Method and device for acquiring chromatography super-resolution image and electronic equipment

Technical Field

The invention relates to the technical field of computational imaging, in particular to a method and a device for acquiring a chromatography super-resolution image and electronic equipment.

Background

When thick tissue samples or cell fluorescence imaging is carried out, imaging results are often influenced by defocused signals, so that the image contrast is greatly reduced, and even structural information of the samples can not be identified. In the field of imaging research such as biology and medicine, a device or a method capable of effectively inhibiting background defocusing signals and obtaining a structure image with a clear focal plane is very popular, and the capability is also called tomography capability. Confocal microscopy enables very sharp focal plane images to be obtained by using a single point scanning mode and a pinhole. However, the single-point scanning mode has low imaging efficiency and is not suitable for tomography of fast-moving dynamic processes.
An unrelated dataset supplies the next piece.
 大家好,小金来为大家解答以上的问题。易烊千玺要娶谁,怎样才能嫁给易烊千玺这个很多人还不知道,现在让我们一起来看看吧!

In contrast, the multi-focus scanning imaging technology proposed in recent years can greatly increase the imaging speed, which is helpful for realizing the fast tomography. The conventional multifocal scanning technology mainly depends on a repositioning algorithm to realize resolution improvement, and a digital pinhole is used for inhibiting background defocusing signals. The methods not only need to accurately calibrate the central position of each projection laser focus in advance, but also the digital pinhole cannot eliminate deep defocusing signals, and the tomography capability of the technology is limited. The variance tomography method proposed in the present year can more effectively inhibit defocused signals (particularly deep defocused signals) and obtain tomographic images with higher contrast. In addition, the method does not need to calibrate the central position of each projection laser focus, and is very convenient to use. The variance tomography method has the defects that the resolution improvement effect is limited, and tomography super-resolution imaging cannot be realized.

Disclosure of Invention

The invention provides a method, a device and an electronic device for acquiring a tomography super-resolution image, which are used for solving one or more technical problems in the prior art and at least providing a beneficial selection or creation condition.
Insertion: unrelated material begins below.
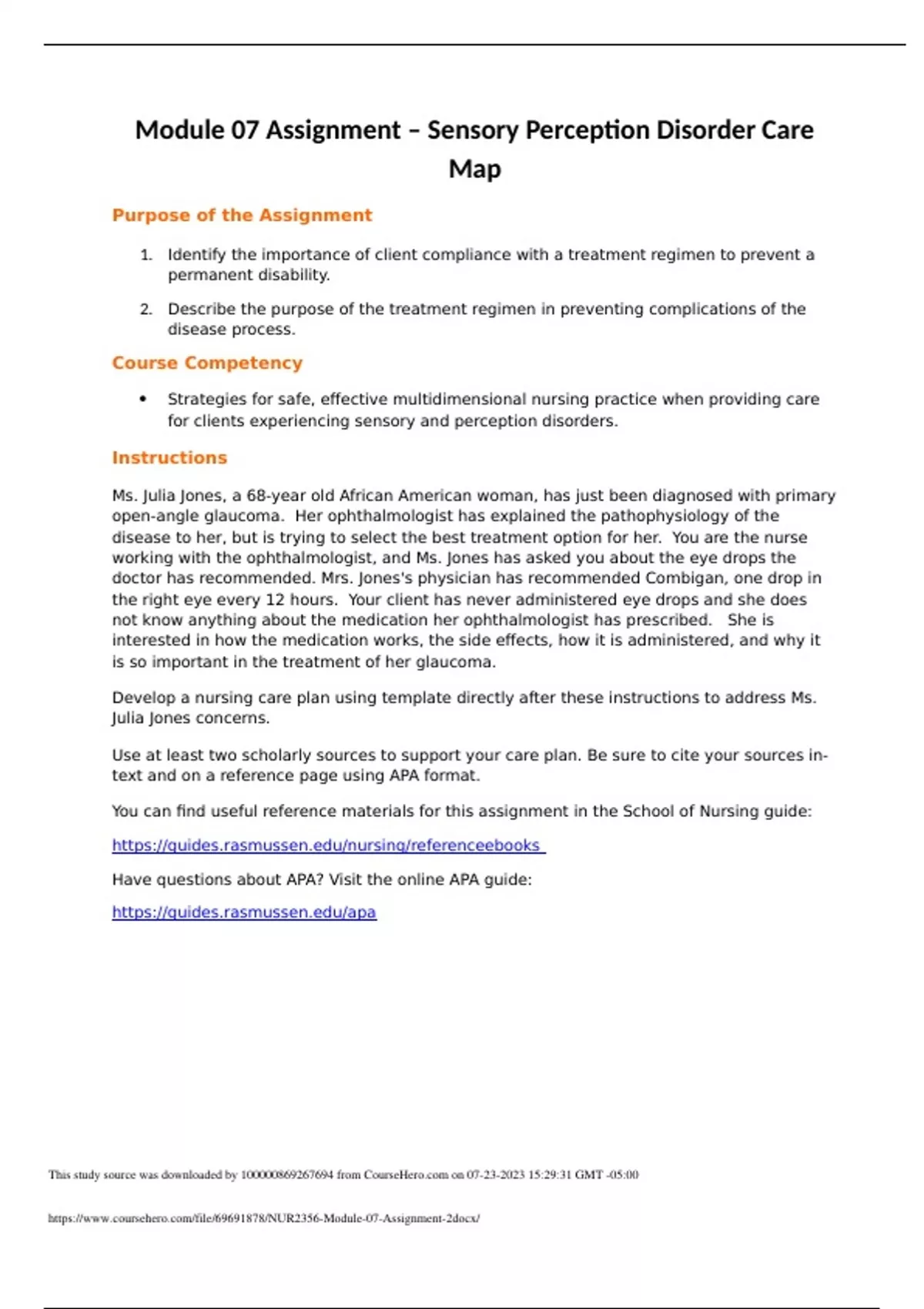 NUR 2356 Module 07 Assignment - Sensory Perception Disorder CareMap

In a first aspect, an embodiment of the present invention provides a method for acquiring a tomographic super-resolution image, including:

acquiring a plurality of multi-focus scanning original wide field images;

performing power operation on the brightness of each multi-focus original wide field image for k times respectively to obtain a plurality of multi-focus images after power operation, wherein k is equal to 2 or 3;

carrying out variance calculation on the multi-focus images subjected to power calculation to obtain a modulation degree image;

setting a point spread function, and carrying out deconvolution processing on the modulation degree image according to the point spread function to obtain a deconvolved modulation degree image;

and performing k-th power root operation on the deconvolved modulation degree image to obtain a final chromatography super-resolution image.

Further, the obtaining of the multiple multifocal images after performing the power operation k times on the luminance of each multifocal original wide field image specifically includes:

the ith multifocal original wide field image in the multiple multifocal original wide field images is I _i ，I _i The brightness at position (x, y) is I _i (x, y), the k power operations are as follows:

I′ _i (x，y)＝I _i (x，y) ^k ；

wherein, I' _i (x, y) is a multifocal image I 'after the ith power calculation' _i The luminance value at position (x, y), x and y representing the coordinate position of the image row and column, k being an index of the power.

Further, the calculating the modulation degree image from the plurality of multi-focus images includes:

acquiring a multifocal image I 'for each of the respective occupant calculations' _i (x, y) the luminance value at position (x, y) constitutes a vector M _xy Wherein M is _xy ∈R ^1×N ，R ^1×N Representing a set of real numbers of dimension 1*N, M _xy Is a real number with dimension 1*N, N is the number of multifocal images, I' _i I =1, …, N for the multifocal image after the ith power operation;

according to M _xy Obtaining a luminance value V (x, y) at a position (x, y) of the modulation degree image V, where V (x, y) is:

wherein

M _xy (i) Is a multifocal image I 'after the ith power calculation' _i Luminance value I 'at position (x, y)' _i (x，y)。

Further, the deconvolving the modulation degree image according to the point spread function, and obtaining the deconvolved modulation degree image includes:

respectively carrying out Fourier transformation on the modulation degree image and the point spread function to obtain a modulation degree image and an optical transfer function after the Fourier transformation;

and carrying out frequency domain deconvolution on the Fourier transformed modulation degree image according to the optical transfer function to obtain a deconvolved image:

and carrying out inverse Fourier transform on the deconvolved image to obtain a deconvolved modulation degree image.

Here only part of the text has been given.